Dep. of Soil Science, Massey Univ., Palmerston North, New Zealand

P. J. Ross

CSIRO, Division of Soils, Private Bag, P.O Aitkenvale, Australia 4814

*Corresponding author.

ABSTRACT

Current theory inadequately describes the effects on solute movement of local variations in pore-water velocity. A satisfactory theory for solute flow in structured soil has yet to be developed. As a possible starting point for such a development, we present a simple analytical description of the maximum amount of solute dispersion that can occur during steady water flow in a vertically uniform soil. The distribution of soil water velocities is found from the derivative of the unsaturated hydraulic conductivity-water content relationship.

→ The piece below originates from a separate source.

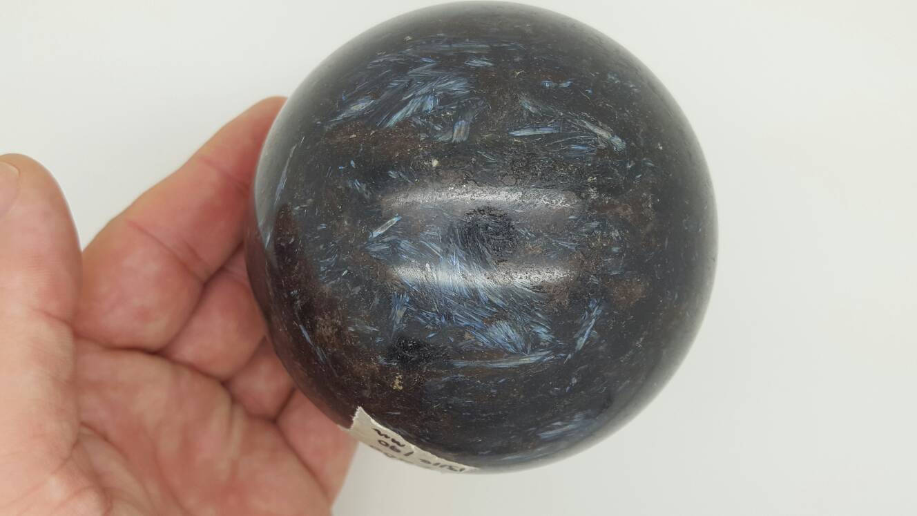 Performs best under light with magnificent display of internal fibers that flash blue,green,gold depending on piece.

With just this information, given the water flux and solute boundary conditions, the solute distribution can be described, assuming no mixing between water (and solute) flowing at different velocities in the soil. The analytical solution describes not only the upper limit of the dispersion that can occur, but also the maximum depth to which the leading edge of a surface-applied pollutant can travel, given a steady water flux for a certain time. It is shown that the steeper the hydraulic conductivity curve, the greater the expected difference between the soil solution flux concentration (measured with a lysimeter) and resident concentration (measured by soil sampling). Transverse solute diffusion between water moving at different velocities reduces the dispersion below the upper limit described here. Incorporating a description of such diffusion into the approach given here may be a fruitful alternative to considering dispersion as enhanced longitudinal diffusion in soil water moving at a uniform velocity.

Received for publication March 12, 1993.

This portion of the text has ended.